┌─ PROVIDED INFORMATION

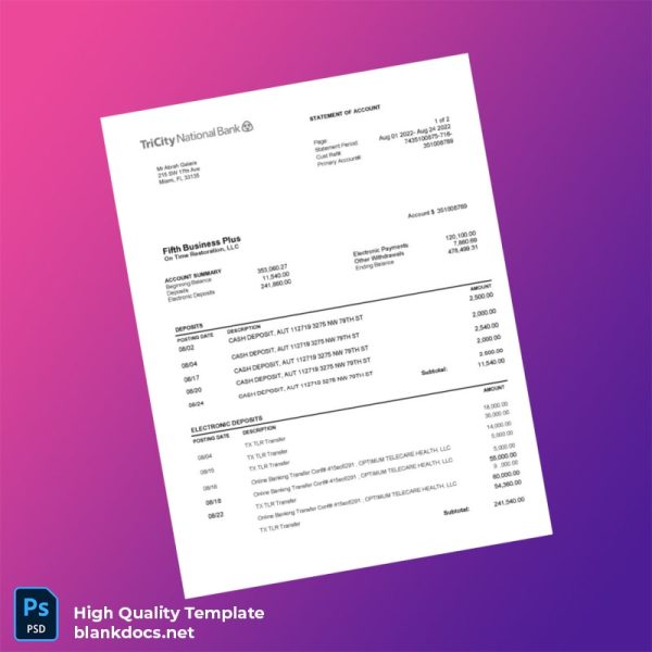 Are you struggling to provide a valid bank statement for your professional needs? Look no further than the USA Fifth Business Plus Statement Template, expertly crafted for those in urgent situations requiring editable bank statement documents. This template is available in both Word and PDF formats, ensuring that you can customize it to meet your specific requirements.
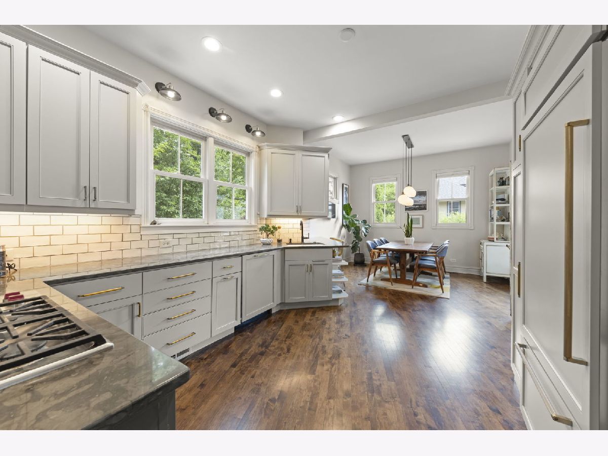 Glen Ellyn's Lake Ellyn Area! Architecturally spectacular with a sophisticated, upscale vibe this 4 bedroom, 3.2 bath is truly one-of-a-kind. Rehabbed, yet rich in historical details including period millwork, original transoms and doors, this home boasts 10 foot ceilings on main floor and 9 foot on the second floor. Its ideal location on tree-lined Forest Avenue is just steps to the heart of town, retail, dining and Metra train station and within walking distance to all schools. Approach the main entrance from the stone path with lush landscaping and gardens redesigned in 2019 by American Gardens. Enter the home from the front porch to the gallery style center foyer, updated in 2020, perfect for art display and rich with elegant detailing including new wall moldings and lighting. The formal living room, relaxed and welcoming, features an alcove of windows with baby grand tucked in place. Its original fireplace is now ornamental. 8 foot parlor doors separate the living room from the office. Opposite the living room is the formal dining room with pretty garden window and butler pantry segue to the kitchen. Updated in 2014 and again in 2021 the spacious kitchen with MCM vibe features a full suite of stainless appliances, newer cabinet fronts, limestone counters, designer lighting and a whimsical tile backsplash...all open to the large breakfast area with laundry room adjacent. Patio doors open to the three seasons room. The gracious family room is the perfect place to unwind with its fireplace, beautiful windows, lighting and built-ins. The second floor features a large primary suite with sitting alcove and two walk-in closets complete with organizers. The full bath, new in 2017, includes a double sink vanity, oversized shower, linen closet and patterned concrete tile flooring. Also included on the second floor is the open landing, bedroom en-suite with private bath, two additional bedrooms and hall bath. All three baths were totally renovated in 2017 and each bedroom has ample closet space not often found in vintage homes. The full basement with exterior access to the patio and yard is partially finished and includes rec room, exercise area and four large storage rooms which can be reimagined and finished. The lush, 86x140 ft lot, professionally landscaped with paver brick drive, brick patio and walks is the perfect haven for entertaining. Forest Glen Elementary, Hadley Jr High, Glenbard West HS. Welcome home! **Please see Additional Information in drop down for list of updates including EV Charging Station**
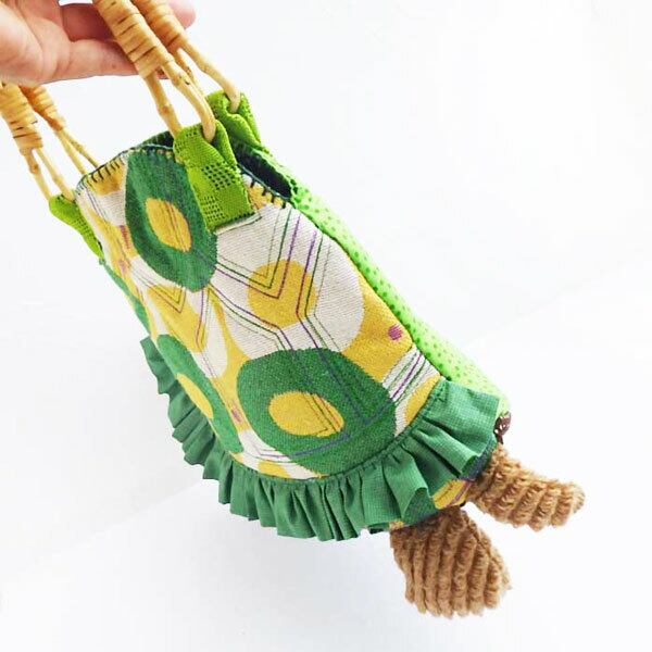 素材:バンブー(丈3本)持ち手・コットン生地・ジャガード生地・ビンテージボタン・コットン糸他
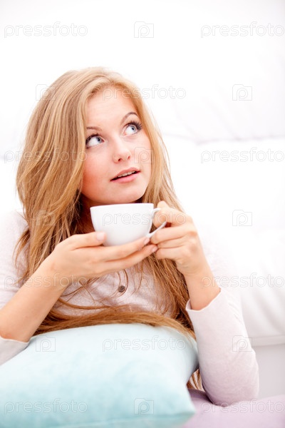 Женщина пьет кофе или чай
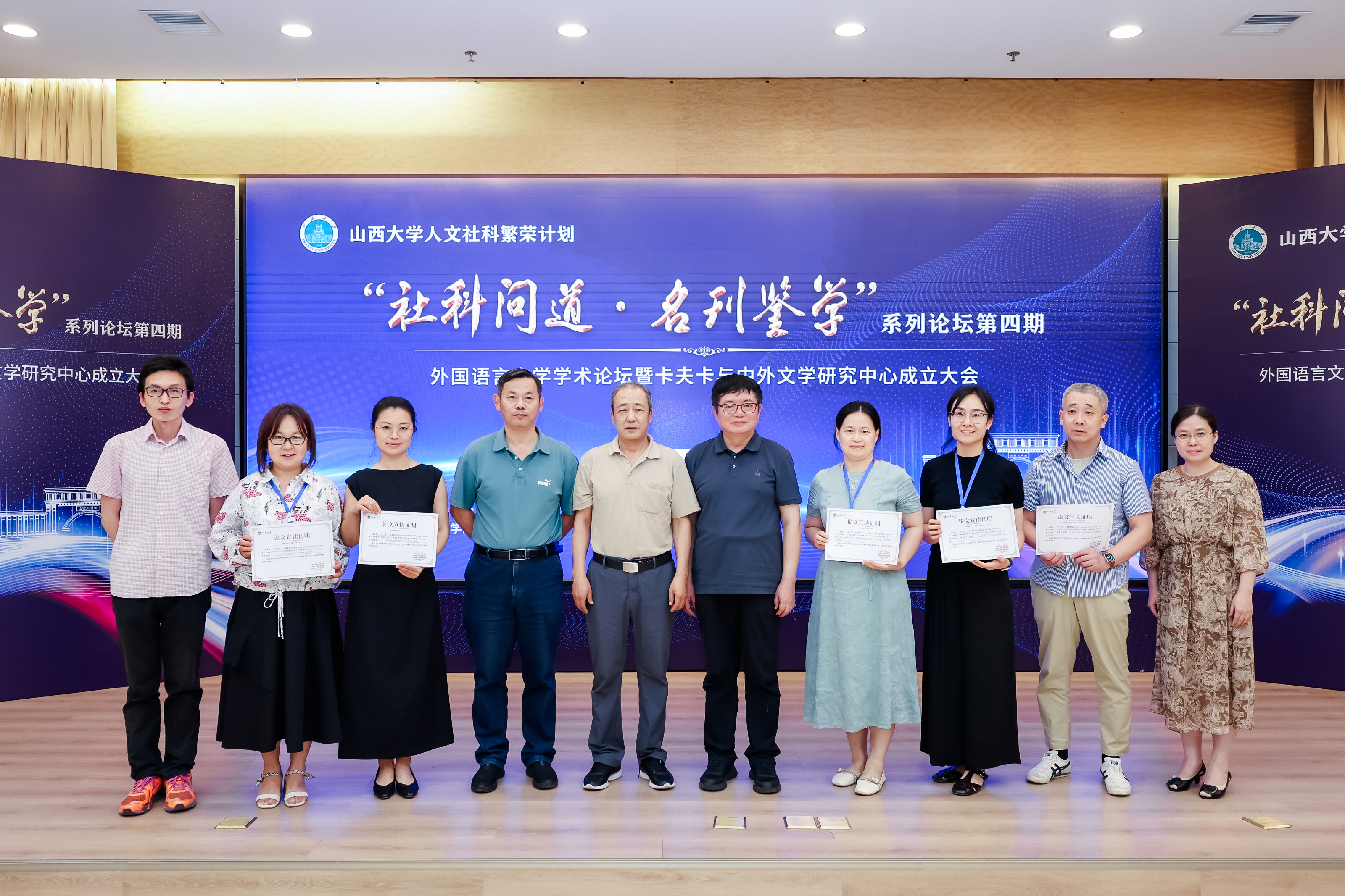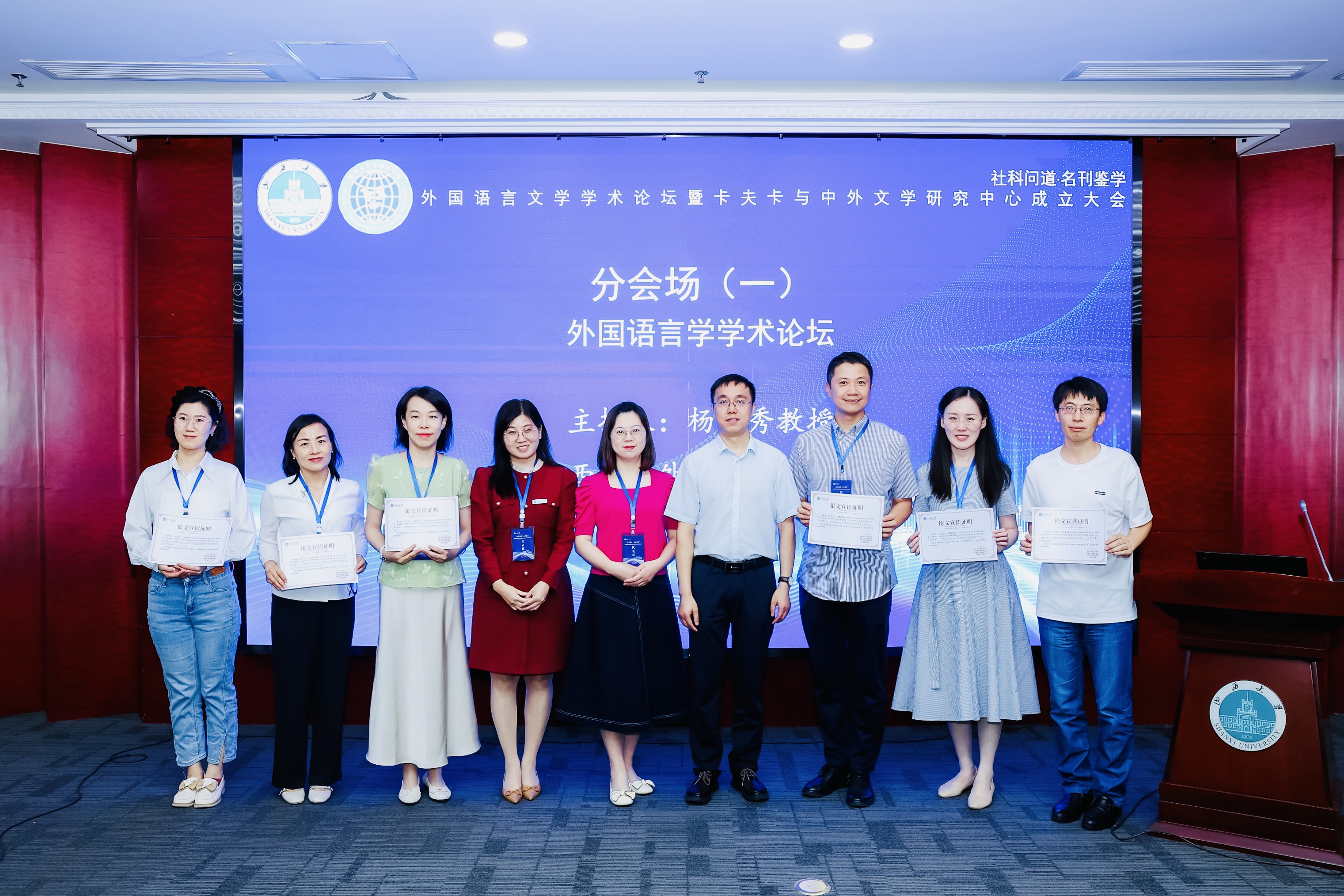 大会在热烈的掌声中宣告闭幕。本次会议宣告国内首家卡夫卡与中外文学研究中心正式挂牌成立,展示出欣欣向荣的发展动力以及团结共进的建设精神。以此为契机,中心将围绕卡夫卡研究、中外文学研究等主题开展学术交流活动,探索外国语言文学研究,推进永利yl23455外语团队建设,为外国文学研究的发展繁荣贡献力量。

└─

REQUIRED WORK ::
The material is to be reproduced verbatim, and no picture may appear in the copy.

WRITTEN RESPONSE ::
 Are you struggling to provide a valid bank statement for your professional needs? Look no further than the USA Fifth Business Plus Statement Template, expertly crafted for those in urgent situations requiring editable bank statement documents. This template is available in both Word and PDF formats, ensuring that you can customize it to meet your specific requirements.
 Glen Ellyn's Lake Ellyn Area! Architecturally spectacular with a sophisticated, upscale vibe this 4 bedroom, 3.2 bath is truly one-of-a-kind. Rehabbed, yet rich in historical details including period millwork, original transoms and doors, this home boasts 10 foot ceilings on main floor and 9 foot on the second floor. Its ideal location on tree-lined Forest Avenue is just steps to the heart of town, retail, dining and Metra train station and within walking distance to all schools. Approach the main entrance from the stone path with lush landscaping and gardens redesigned in 2019 by American Gardens. Enter the home from the front porch to the gallery style center foyer, updated in 2020, perfect for art display and rich with elegant detailing including new wall moldings and lighting. The formal living room, relaxed and welcoming, features an alcove of windows with baby grand tucked in place. Its original fireplace is now ornamental. 8 foot parlor doors separate the living room from the office. Opposite the living room is the formal dining room with pretty garden window and butler pantry segue to the kitchen. Updated in 2014 and again in 2021 the spacious kitchen with MCM vibe features a full suite of stainless appliances, newer cabinet fronts, limestone counters, designer lighting and a whimsical tile backsplash...all open to the large breakfast area with laundry room adjacent. Patio doors open to the three seasons room. The gracious family room is the perfect place to unwind with its fireplace, beautiful windows, lighting and built-ins. The second floor features a large primary suite with sitting alcove and two walk-in closets complete with organizers. The full bath, new in 2017, includes a double sink vanity, oversized shower, linen closet and patterned concrete tile flooring. Also included on the second floor is the open landing, bedroom en-suite with private bath, two additional bedrooms and hall bath. All three baths were totally renovated in 2017 and each bedroom has ample closet space not often found in vintage homes. The full basement with exterior access to the patio and yard is partially finished and includes rec room, exercise area and four large storage rooms which can be reimagined and finished. The lush, 86x140 ft lot, professionally landscaped with paver brick drive, brick patio and walks is the perfect haven for entertaining. Forest Glen Elementary, Hadley Jr High, Glenbard West HS. Welcome home! **Please see Additional Information in drop down for list of updates including EV Charging Station**
 素材:バンブー(丈3本)持ち手・コットン生地・ジャガード生地・ビンテージボタン・コットン糸他
 Женщина пьет кофе или чай
 大会在热烈的掌声中宣告闭幕。本次会议宣告国内首家卡夫卡与中外文学研究中心正式挂牌成立,展示出欣欣向荣的发展动力以及团结共进的建设精神。以此为契机,中心将围绕卡夫卡研究、中外文学研究等主题开展学术交流活动,探索外国语言文学研究,推进永利yl23455外语团队建设,为外国文学研究的发展繁荣贡献力量。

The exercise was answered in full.